What is a zipper watch?

1. What is a zipper watch

The zipper table is defined for the way the table stores data in the data warehouse design. As the name suggests, the so-called zipper is to record history. Record information about all changes of a thing from the beginning to the current state.

Second, where is it used

During the data model design process of the data warehouse, such requirements are often encountered:

The amount of data is relatively large;
Some fields in the table will be updated, such as the user's address, product description information, order status, etc.;
It is necessary to view historical snapshot information at a certain point in time or time period, for example, to view the status of an order at a certain point in history, for example, to view how many times a certain
user has updated in a certain period of time in the past, etc.;
The proportion and frequency of changes are not very large. For example, there are a total of 10 million members, and about 100,000 new members and changes are made every day;
If a full amount is kept for this table every day, a lot of unchanged information will be saved in each full amount, which is a great waste of storage;

The zipper history table can not only meet the historical state of the reaction data, but also save storage to the greatest extent;

Three, for example

To give a simple example, for example, there is an order table
with 3 records on June 20th,

By June 21st, there are 5 records in the table,

As of June 22, there are 6 records in the table:

The method of retention of this table in the data warehouse,

If only one full quantity is kept, the data is the same as the record on June 22. If you need to check the status of order 001 on June 21, it cannot be satisfied;
If a full copy is kept every day, there are 14 records in the table in the data warehouse, but many records are saved repeatedly without task changes, such as order 002,004, the large amount of data will cause a lot of storage waste;

If the table is designed as a historical zipper table in the data warehouse, there will be a table like the following:

illustrate:

dw_begin_date indicates the start time of the life cycle of the record, and dw_end_date indicates the end time of the life cycle of the record;
dw_end_date = '9999-12-31' indicates that the record is currently valid;
If querying all currently valid records, select * from order_his where dw_end_date = '9999-12-31'
If you query the historical snapshot of 2012-06-21, then select * from order_his where dw_begin_date <= '2012-06-21' and end_date >= '2012-06-21', this statement will query the following records:

It is exactly the same as the record in the source table on June 21.
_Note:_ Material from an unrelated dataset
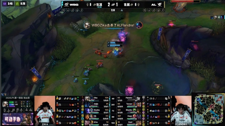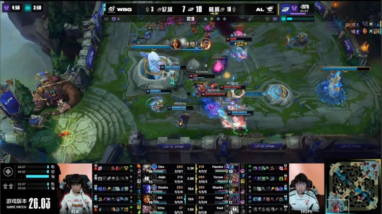 中期WBG三人下路越塔击杀王杰韦鲁斯,AL同时越塔击杀Zika卡蜜尔,双方打出1换1。AL拿到先锋并急速听牌电龙魂,双方经济持平。

It can be seen that such a historical zipper table can not only meet the demand for historical data, but also save storage resources to a great extent;

Replenish

Let me add how to obtain the daily user update table. According to the author's experience, there are the following ways to obtain or indirectly obtain the daily user increment. Because it is more important, I will explain it in detail:

We can monitor the changes of Mysql data, such as using Canal, and finally merge the daily changes to obtain the last status.
Assuming that we get a slice of data every day, we can use the difference between the slice data of two days as a daily update table.
Daily change flow table.
Use the etl tool to incrementally extract the operational database to ods or data warehouse according to the time field (extract the data of the previous day every day) to form daily incremental data (the most used situation in practice).